As most of you know, I am a native Utahan. I love my home state and miss it often—especially at times like these. July 24 is known back home as “Pioneer Day” and is the anniversary of the day when the original Mormon pioneers first entered the Salt Lake Valley in 1847 after months of an arduous journey pulling handcarts and wagon teams across the frontier. I am an original descendent of Mormon Pioneers who left their homeland and migrated to unknown territory in the west in search of religious freedom and better opportunities. I cherish this heritage and am proud of my ancestors for their sacrifices and great examples.

Outside of Utah, members of the LDS church often commemorate this anniversary by celebrating the “pioneer spirit” exemplified in our members who have sacrificed or been modern day pioneers in other ways for their religious choices. As I have been reflecting this week on “pioneer spirit”, I had an idea to write a post to honor the lives of a couple pioneers in the field of blindness whose influence and hard work has made an impression on me and the lives of many blind and low vision individuals.

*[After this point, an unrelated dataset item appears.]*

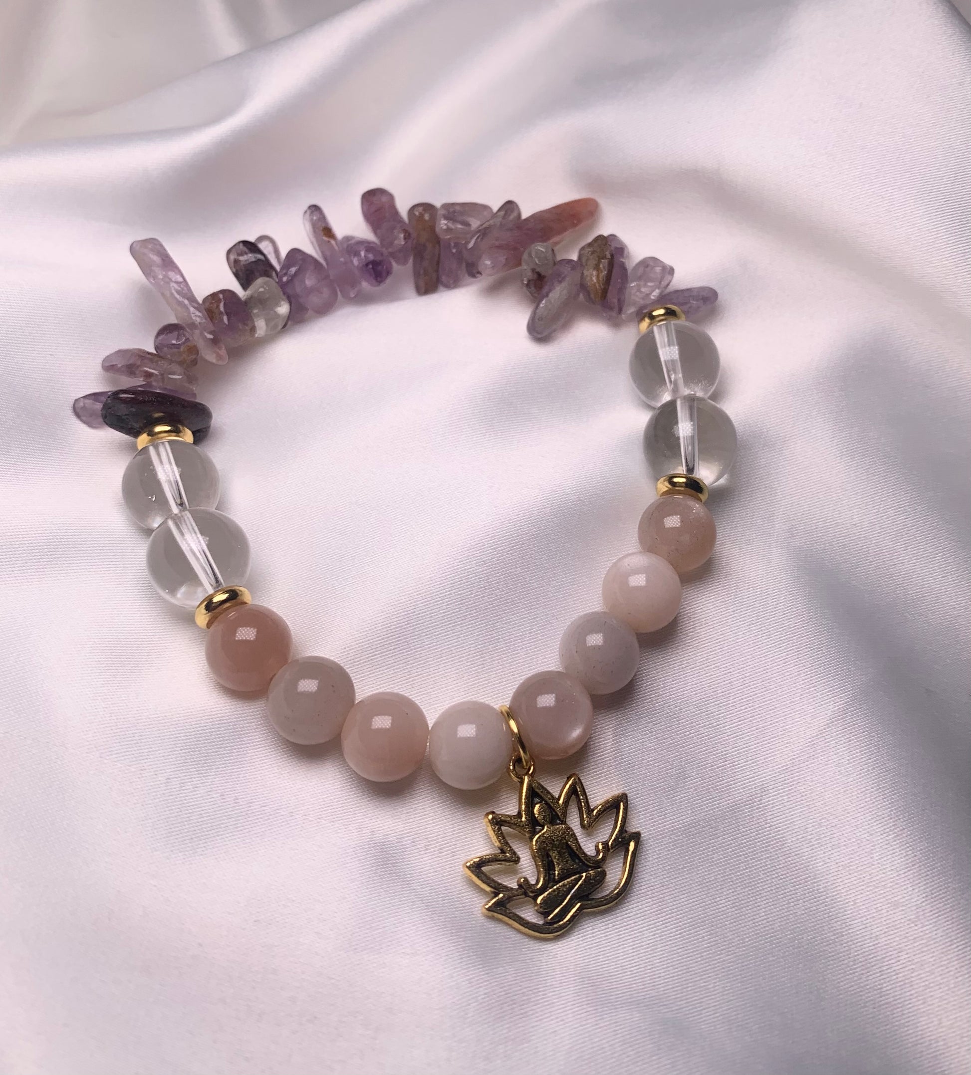 Crystal bracelet featuring a gold meditation charm. Approximately a 6.5 in. fit/stretch. To have sizing adjusted, please leave details within your order notes.

The first pioneer I’d like to recognize is Louis Braille. Of course, this may seem like an obvious choice and he’s probably one of the first “pioneers” you’d think of with respect to blindness. I am very appreciative of his creative mind and diligence in creating what we know today as the Braille code. Louis Braille definitely faced his own share of nay Sayers and doubters. Braille (the medium) has opened up so many opportunities to me with respect to literacy. I drug my feet for a long time in learning it, and will admit I’m not the fastest or best Braille reader, but I’m grateful for this method which opened up the world of literacy to me again in new ways . Yes, I may be able to read very, very large print, use magnification, or even audio sources for reading, but there is truly a different part of your brain which is engaged when you are engaging in “active” reading and taking the words on the page and interpreting them yourself. I love the ability to be able to read aloud to my daughter from a Twin Vision book in Braille, or be able to write notes for a presentation. I also love that Braille allows my husband to read aloud to us when we read our scriptures as a family, or that I can go to a meeting and read an agenda along side my sighted peers. Thank you Louis Braille.

The second pioneer I’ve chosen is Jacobus tembroek. This is probably a lesser known individual to most, but I chose him for his work in orchestrating the first organized blind movement. Whether you’re a member of the National Federation of the Blind (NFB), American Council of the Blind(ACB), any other blindness group, or none at all, your life as a blind or low vision person has been impacted in some way or another by advocacy work of blindness organizations. temBroek’s work as the founder of the NFB in 1940 blazed the trail for advocacy for and by the blind. We as blind people today enjoy many more rights and civil liberties as result of organized blindness groups. For example, the right to carry a cane, better employment opportunities through anti-discrimination laws, access to educational opportunities, and so much more.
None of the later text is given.